According to a recent examination of public and proprietary information between 2010 and 2022, hospitals merger agreements in the U.S. were two times more likely to announce a breach of data in the year before and after completion.

Data breaches within the two-year contract window have a likelihood of around 6%, according to research undertaken by a PhD student at the University of Texas at Dallas. Outside of that time frame, the likelihood of a data breach at those same hospitals was 3%.

The study author, Nan Clement, stated that the period leading up to and after a merger deal has been shown to be quite risky. There are two distinct outcomes that might happen before and after the sale closes, both of which pose a higher risk.

Outcomes of Hospital Mergers

  • The first outcome happens prior to the closing, when hackers have more information to work with because of the flood of publicly available data on the hospitals and the purchasers. 
  • There was a 1.98 percentage point spike in hacking incidents over this time period, which corresponded with hospital consolidation.
  • According to Clement’s analysis, interest in the merger would peak about eight months before the official signing date, which is consistent with previous studies showing that hackers frequently utilize Google to locate possible targets.
  • In the second high-risk window, hospitals spend considerable time integrating their IT infrastructure. 
  • Clement discovered here that there was an increase of 1.62 percentage points in data breaches caused by incompatibilities across EHR systems.

Clement’s study found that outside of the larger risks over the two-year merger period, a rise in hacking events rather than insider fraud breaches is the primary driver of an increase in data breaches throughout merger phases.

The data also revealed an uptick in ransomware attacks on hospitals – which may result in potentially life-threatening interruptions to patient care – both overall and particularly in the year leading up to the closing date.

Clement also discovered proof that a hospital’s organizational capital influenced the danger of a data leak during a merger.
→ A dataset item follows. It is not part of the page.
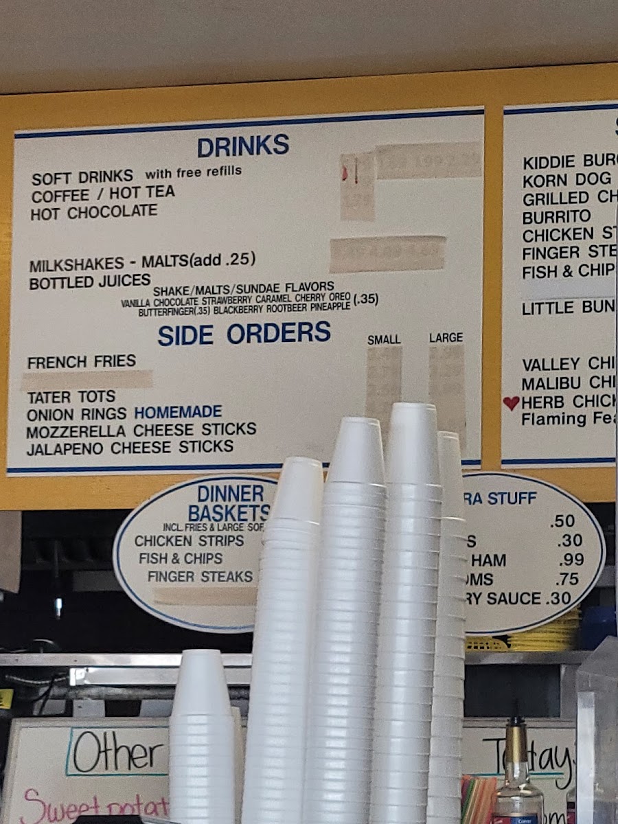 Vanilla, Chocolate, Strawberry, Blackberry, Raspberry, Cherry, Root Beer, Orange, Mint, Coffee, Pineapple, Banana, Marshmallow, Oreo ($0.35), Butterfinger ($0.35), Reese's PB cup ($0.35), Peanut Butter ($0.35), S'mores ($0.35)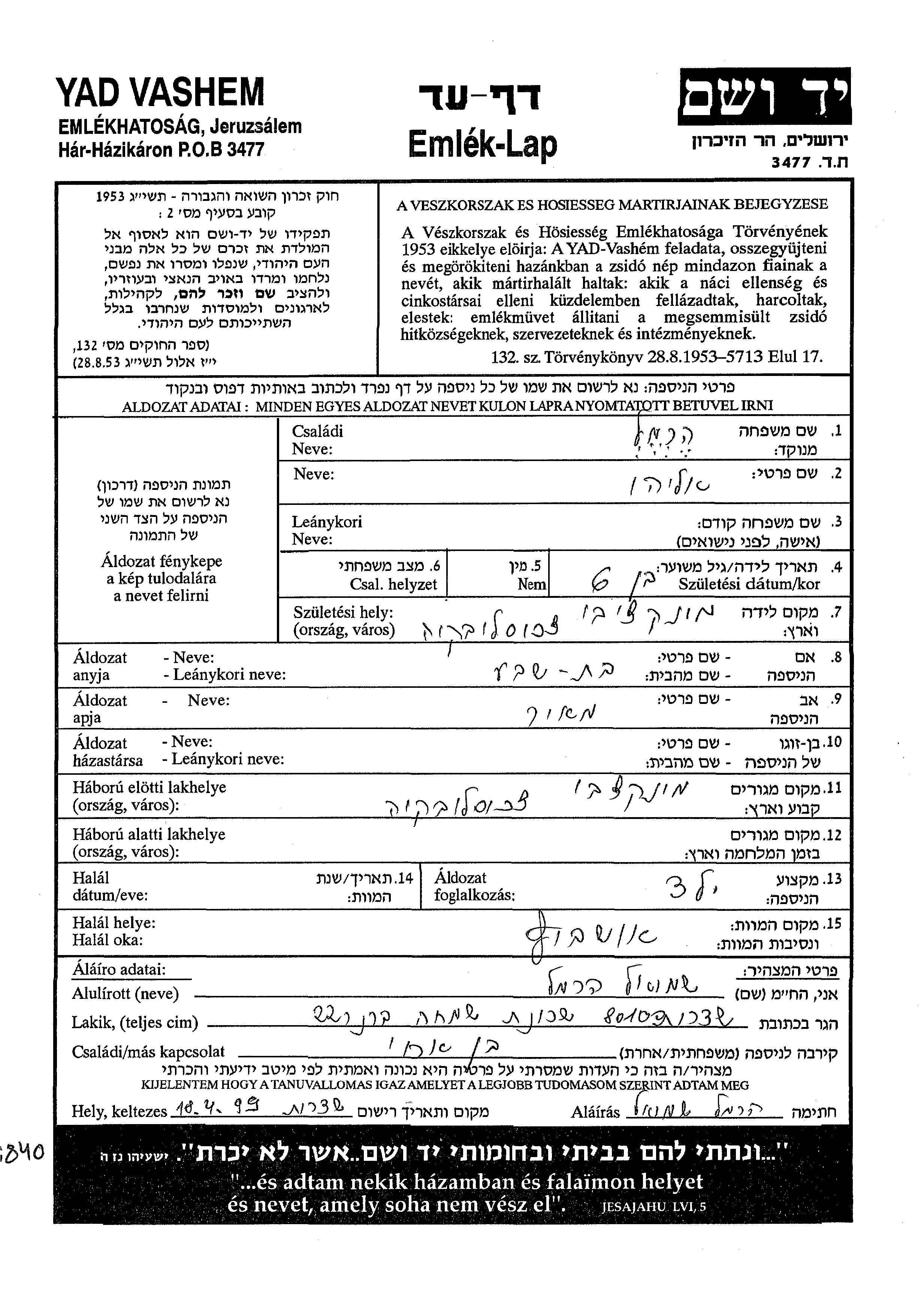 | Хермель | Элиягу | Мункач, Чехословакия | Лист свидетельских показаний | |

The likelihood of a data breach was lower for purchased hospitals that weren’t in financial crisis, those that had a publicly owned purchaser, and, in particular, for publicly owned hospitals being purchased.

According to the Office for Civil Rights, there were almost 300 breaches in the healthcare industry in the first half of 2023, impacting over 39 million people. In 2022, the average cost of a data breach to a healthcare business was $10.1 million, a 9.4% rise from 2021 and far more than the mean cost for any other industry.